Episode 2 explains why it’s very difficult to break up with food. As an example, one reason that it’s so hard to break up with food is because it’s everywhere and abundant. No more hunting and gathering. I’m sitting at McDonald’s on Bardstown Road as I write this blog. Not only is food, convenient, easily accessed, and cheap, you don’t even have to leave home to access a sausage biscuit with egg because Door Dash will bring it to you.

Episode 3 and 4, will share strategies to ensure that you break up and maintain your breakup with food for years to come. One strategy is thinking differently about food.

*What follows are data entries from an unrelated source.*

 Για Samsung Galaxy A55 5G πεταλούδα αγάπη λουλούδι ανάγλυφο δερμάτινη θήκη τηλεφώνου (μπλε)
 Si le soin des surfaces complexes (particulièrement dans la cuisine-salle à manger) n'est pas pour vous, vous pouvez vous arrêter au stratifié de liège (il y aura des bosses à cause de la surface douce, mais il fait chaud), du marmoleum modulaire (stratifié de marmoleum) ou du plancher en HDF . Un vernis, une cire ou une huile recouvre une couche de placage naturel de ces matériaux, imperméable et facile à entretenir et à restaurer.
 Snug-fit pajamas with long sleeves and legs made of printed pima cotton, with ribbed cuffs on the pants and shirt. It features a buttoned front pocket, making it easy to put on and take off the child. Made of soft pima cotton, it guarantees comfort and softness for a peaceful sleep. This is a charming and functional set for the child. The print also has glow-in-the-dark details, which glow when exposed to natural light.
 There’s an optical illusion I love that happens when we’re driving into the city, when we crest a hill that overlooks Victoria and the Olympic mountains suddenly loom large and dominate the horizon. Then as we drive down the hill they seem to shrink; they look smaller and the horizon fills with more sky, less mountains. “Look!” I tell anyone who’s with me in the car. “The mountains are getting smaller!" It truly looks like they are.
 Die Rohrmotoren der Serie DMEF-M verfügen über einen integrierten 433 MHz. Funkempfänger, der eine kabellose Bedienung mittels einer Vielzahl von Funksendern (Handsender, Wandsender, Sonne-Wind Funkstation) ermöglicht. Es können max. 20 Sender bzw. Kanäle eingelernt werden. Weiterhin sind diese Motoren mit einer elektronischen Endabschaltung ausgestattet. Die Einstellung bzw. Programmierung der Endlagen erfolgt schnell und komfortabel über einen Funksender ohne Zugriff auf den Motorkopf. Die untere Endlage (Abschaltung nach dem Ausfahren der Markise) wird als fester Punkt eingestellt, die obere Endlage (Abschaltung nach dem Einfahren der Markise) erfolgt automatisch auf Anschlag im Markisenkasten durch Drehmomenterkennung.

I’ll share strategies from Judith Becks book, “The Beck Diet solution: Train your Brain to Think Like a Thin Person.”

Episode 5 will explain the Self-Binding process of weight management. I’ve taken this procedure from Dr. Anna Lembke’s book, “Dopamine Nation: Finding Balance in the Age of Indulgence.”

An example of self-binding would be limiting your eating window to, let’s say, eight hours. That would mean fasting for 16 hours. Typically, people skip the morning meal which we called breakfast. Breakfast is the meal that breaks our fast, so you’re not skipping breakfast, but delaying it until 11 AM or 12 noon.

That’s season 9. It’s a shorter season and one that I think will make a difference in your life and in my life as we age.

During my break between seasons, I started reading the classic, “The Road less Traveled,” by Scott Peck. The first line of the book is “Life is difficult.” He might as well have said “Aging is difficult.“ I wonder if maybe we’ve forgotten that. 

I’ll write a blog about this book in season 10 or 11. Life is difficult. Peck writes that most of our mental health issues come from our unwillingness to come to terms with that. 

Life is difficult. Aging is difficult.

Peck offer strategies for coping with that reality. I am offering some strategies that will help you as you come to terms with the fact that aging is difficult.

I hope you join me during this season. 

Start taking snapshots of your life. What do they look like?